Close Channels, Build Trust
Posted on by NateThe more I teach and use perceptions, parts and channels, the more I wonder if these may be the most cellular building blocks of trust. However grand you care to define trust, it all boils down to, and starts with, closing channels and matching perceptions.
Why do we communicate, and what are we looking for?
According to the Process Communication Model (PCM), there are five main channels, Interventive (protecting), Directive (telling), Requestive (asking), Nurturative (caring), and Emotive (playing). Humans communicate and are in relationship with each other by protecting, telling, asking, caring, and playing. And, logically, there can only be five channels because a) there are only five parts that initiate a channel, and b) if more than one channel was initiated by the same part, they wouldn’t be behaviorally distinct and distinguishable.
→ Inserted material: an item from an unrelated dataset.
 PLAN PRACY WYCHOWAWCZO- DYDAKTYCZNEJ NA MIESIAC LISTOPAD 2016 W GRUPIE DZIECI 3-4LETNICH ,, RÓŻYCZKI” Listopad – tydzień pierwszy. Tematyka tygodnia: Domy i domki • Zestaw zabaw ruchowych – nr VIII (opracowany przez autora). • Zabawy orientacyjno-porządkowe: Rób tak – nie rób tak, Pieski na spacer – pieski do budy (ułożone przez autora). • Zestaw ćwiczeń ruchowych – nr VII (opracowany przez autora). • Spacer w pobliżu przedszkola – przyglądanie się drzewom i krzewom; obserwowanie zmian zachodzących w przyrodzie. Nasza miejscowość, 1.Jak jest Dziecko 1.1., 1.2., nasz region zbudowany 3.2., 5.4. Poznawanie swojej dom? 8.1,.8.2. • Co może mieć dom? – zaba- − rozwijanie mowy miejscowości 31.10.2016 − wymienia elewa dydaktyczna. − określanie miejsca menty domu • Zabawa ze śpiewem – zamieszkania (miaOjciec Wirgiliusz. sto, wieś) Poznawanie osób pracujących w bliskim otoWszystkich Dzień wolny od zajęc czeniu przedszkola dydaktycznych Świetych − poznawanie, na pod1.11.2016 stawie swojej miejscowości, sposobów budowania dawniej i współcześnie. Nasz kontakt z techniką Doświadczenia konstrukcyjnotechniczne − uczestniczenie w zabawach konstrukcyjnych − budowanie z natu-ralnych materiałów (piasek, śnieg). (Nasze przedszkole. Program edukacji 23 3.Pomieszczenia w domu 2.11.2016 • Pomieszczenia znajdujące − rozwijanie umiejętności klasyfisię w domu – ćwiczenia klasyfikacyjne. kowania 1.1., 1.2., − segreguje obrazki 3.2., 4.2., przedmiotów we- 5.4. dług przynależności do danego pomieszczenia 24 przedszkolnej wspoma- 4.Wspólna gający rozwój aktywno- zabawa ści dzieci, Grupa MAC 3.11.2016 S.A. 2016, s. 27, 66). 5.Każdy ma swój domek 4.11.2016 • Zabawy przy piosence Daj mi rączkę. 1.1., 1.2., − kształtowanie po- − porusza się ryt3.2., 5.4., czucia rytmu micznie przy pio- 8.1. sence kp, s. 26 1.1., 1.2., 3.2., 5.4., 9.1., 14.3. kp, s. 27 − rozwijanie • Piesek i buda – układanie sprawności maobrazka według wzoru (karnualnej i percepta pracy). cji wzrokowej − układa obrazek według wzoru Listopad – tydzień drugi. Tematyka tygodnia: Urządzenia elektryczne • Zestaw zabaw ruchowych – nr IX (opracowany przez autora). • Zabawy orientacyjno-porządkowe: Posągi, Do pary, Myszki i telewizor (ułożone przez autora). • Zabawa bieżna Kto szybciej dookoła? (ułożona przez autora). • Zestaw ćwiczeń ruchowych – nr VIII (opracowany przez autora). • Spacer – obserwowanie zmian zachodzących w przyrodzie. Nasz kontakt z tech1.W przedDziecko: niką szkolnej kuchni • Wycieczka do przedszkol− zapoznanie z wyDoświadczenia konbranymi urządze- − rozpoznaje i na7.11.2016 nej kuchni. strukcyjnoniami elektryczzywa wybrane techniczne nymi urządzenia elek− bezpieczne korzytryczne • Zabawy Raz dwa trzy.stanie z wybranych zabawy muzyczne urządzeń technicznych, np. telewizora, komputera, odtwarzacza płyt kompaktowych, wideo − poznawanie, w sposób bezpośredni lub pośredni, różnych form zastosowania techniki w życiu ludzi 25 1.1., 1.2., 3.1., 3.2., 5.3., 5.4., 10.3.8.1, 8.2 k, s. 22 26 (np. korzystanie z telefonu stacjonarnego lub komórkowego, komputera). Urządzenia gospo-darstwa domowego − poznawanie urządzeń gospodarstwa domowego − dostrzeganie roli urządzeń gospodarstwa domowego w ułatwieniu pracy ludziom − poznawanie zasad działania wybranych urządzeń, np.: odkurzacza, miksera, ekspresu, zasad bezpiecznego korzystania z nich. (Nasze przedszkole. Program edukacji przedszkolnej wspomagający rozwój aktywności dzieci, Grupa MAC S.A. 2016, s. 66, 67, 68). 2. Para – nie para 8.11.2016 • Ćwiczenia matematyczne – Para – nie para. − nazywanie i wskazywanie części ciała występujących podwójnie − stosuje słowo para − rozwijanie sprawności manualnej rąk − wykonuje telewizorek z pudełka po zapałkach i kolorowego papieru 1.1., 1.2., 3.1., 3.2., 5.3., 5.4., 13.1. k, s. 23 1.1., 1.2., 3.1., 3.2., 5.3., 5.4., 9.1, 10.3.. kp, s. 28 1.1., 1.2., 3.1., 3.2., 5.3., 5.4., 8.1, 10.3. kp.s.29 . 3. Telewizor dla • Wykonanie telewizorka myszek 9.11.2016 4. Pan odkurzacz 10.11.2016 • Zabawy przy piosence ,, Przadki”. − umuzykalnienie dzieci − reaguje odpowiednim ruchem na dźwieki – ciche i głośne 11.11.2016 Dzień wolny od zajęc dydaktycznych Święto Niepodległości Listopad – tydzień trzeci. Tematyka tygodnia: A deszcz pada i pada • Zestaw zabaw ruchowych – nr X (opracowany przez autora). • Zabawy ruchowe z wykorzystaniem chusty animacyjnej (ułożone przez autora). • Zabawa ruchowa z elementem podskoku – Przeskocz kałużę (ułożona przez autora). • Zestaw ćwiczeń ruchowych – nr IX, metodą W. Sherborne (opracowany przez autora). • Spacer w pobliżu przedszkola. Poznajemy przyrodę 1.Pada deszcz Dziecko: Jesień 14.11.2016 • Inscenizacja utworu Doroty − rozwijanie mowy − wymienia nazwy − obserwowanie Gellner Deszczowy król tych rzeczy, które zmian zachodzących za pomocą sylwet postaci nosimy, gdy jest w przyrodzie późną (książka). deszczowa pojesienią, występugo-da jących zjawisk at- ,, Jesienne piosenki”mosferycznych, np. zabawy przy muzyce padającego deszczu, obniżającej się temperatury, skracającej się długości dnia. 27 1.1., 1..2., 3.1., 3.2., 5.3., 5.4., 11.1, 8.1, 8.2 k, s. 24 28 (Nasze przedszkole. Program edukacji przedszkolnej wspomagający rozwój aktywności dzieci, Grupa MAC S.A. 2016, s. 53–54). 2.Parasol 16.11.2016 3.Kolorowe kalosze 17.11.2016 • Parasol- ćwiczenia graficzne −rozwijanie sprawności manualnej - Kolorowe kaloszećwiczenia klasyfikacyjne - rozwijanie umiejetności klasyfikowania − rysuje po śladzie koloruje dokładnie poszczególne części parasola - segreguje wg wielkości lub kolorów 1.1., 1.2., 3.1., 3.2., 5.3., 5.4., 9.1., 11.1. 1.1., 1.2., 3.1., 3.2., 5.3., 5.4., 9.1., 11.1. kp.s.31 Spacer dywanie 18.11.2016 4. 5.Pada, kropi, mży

Can you even comprehend how delighted it makes a Workaholic that PCM is so astonishingly logical?
The Rule of Communication
PCM trainers have taught the diagram hundreds of times - all five channels on one page, easy to see which parts go together, what personality type prefers each channel, and how to distinguish those channels that do double-duty. A great one-stop visual to summarize the Rule of Communication.
Trust at the most basic level
Here’s what enamors me; the Parts that close Channels. Scanning the right side of this diagram, notice that only two parts do all the work – the Emoter and Computer. Every Channel is closed by one of these two. I’m leaving out the Interventive channel since it’s not personality-specific. “Obviously,” you might be saying to yourself. It wouldn’t work or make any sense for the other parts to close a channel. Yeah, I know…I get that. Stick with me…
If the purpose of communication is to tell, ask, care, and play, then what is the end goal of communication? Based on the parts that close channels – there are only two end goals; safety and execution – “Am I safe with you?” and “Can I count on you?” My Emoter transparently shows you how what you’ve just said is resonating with me – where you stand with me. It fosters psychological safety by being transparent while providing the initiator with candid, non-attacking signals about where they stand. The Computer executes – does stuff, plain and simple.
Closing the Nurturative and Emotive channels with the Emoter sends the message “You are safe with me.” Closing the Directive and Requestive channels with the Computer sends the message, “You can count on me.”
From this cellular starting point we can begin building the larger context of trust in relationships, organizations, and communities.
Close Channels, Build Trust
Closing channels builds trust one interaction at a time. This is why we tell our clients that trust is made or broken from here forward. Trust begins now.